One uses collect(q::Query) to materialize q as a concrete set results set – hence the term “collection machinery”. Note that the set of verbs that receive support from the column-indexable interface – that is, the verbs that may be collected against a column-indexable data source – currently only includes the first four: select, filter, groupby, and summarize. This is what such support currently looks like:

julia> q = @query iris |>
           filter(sepal_length > 5.0) |>
           groupby(species, log(petal_length) > .5) |>
           summarize(avg = mean(digamma(petal_width)))
Query with Tables.Table source

julia> q.graph
SummarizeNode
  arguments:
      1)  avg=mean(digamma(petal_width))
  inputs:
      1)  GroupbyNode
            arguments:
                1)  species
                2)  log(petal_length) > 0.5
            inputs:
                1)  FilterNode
                      arguments:
                          1)  sepal_length > 5.0
                      inputs:
                          1)  DataNode
                                source:  unset source


julia> collect(q)
Grouped Tables.Table
Groupings by:
    species
    log(petal_length) > 0.5 (with alias :pred_1)

Source: Tables.Table
│ Row │ species      │ pred_1 │ avg       │
├─────┼──────────────┼────────┼───────────┤
│ 1   │ "virginica"  │ true   │ 0.428644  │
│ 2   │ "setosa"     │ true   │ -3.17557  │
│ 3   │ "versicolor" │ true   │ -0.136551 │
│ 4   │ "setosa"     │ false  │ -4.7391   │

We hope to include support for the other verbs in the near future.
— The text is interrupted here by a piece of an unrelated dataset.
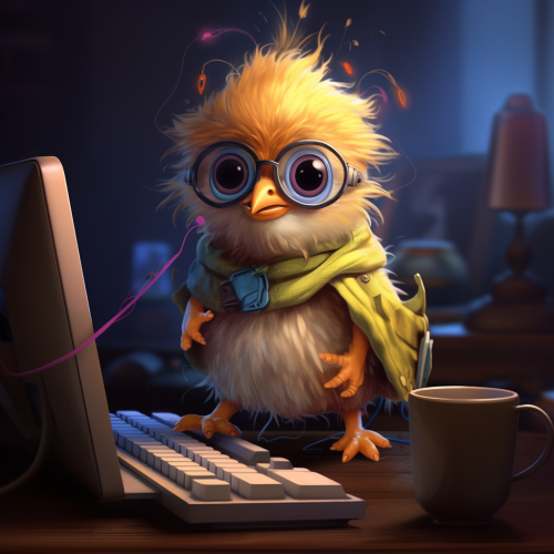 a guy sitting on his gaming chair playing his computer, 90's retrofuturism, colorful, the guy has a bird standing on his head, ultra realistic, realism

Again we emphasize that this collection machinery is provided by the AbstractTables package, not StructuredQueries. As we see above, the latter provides a framework for representing a query structure, whereas packages such as AbstractTables (i) decide what it means to execute a query with a particular structure against a particular backend, and (ii) provide the implementation of the behavior in (i).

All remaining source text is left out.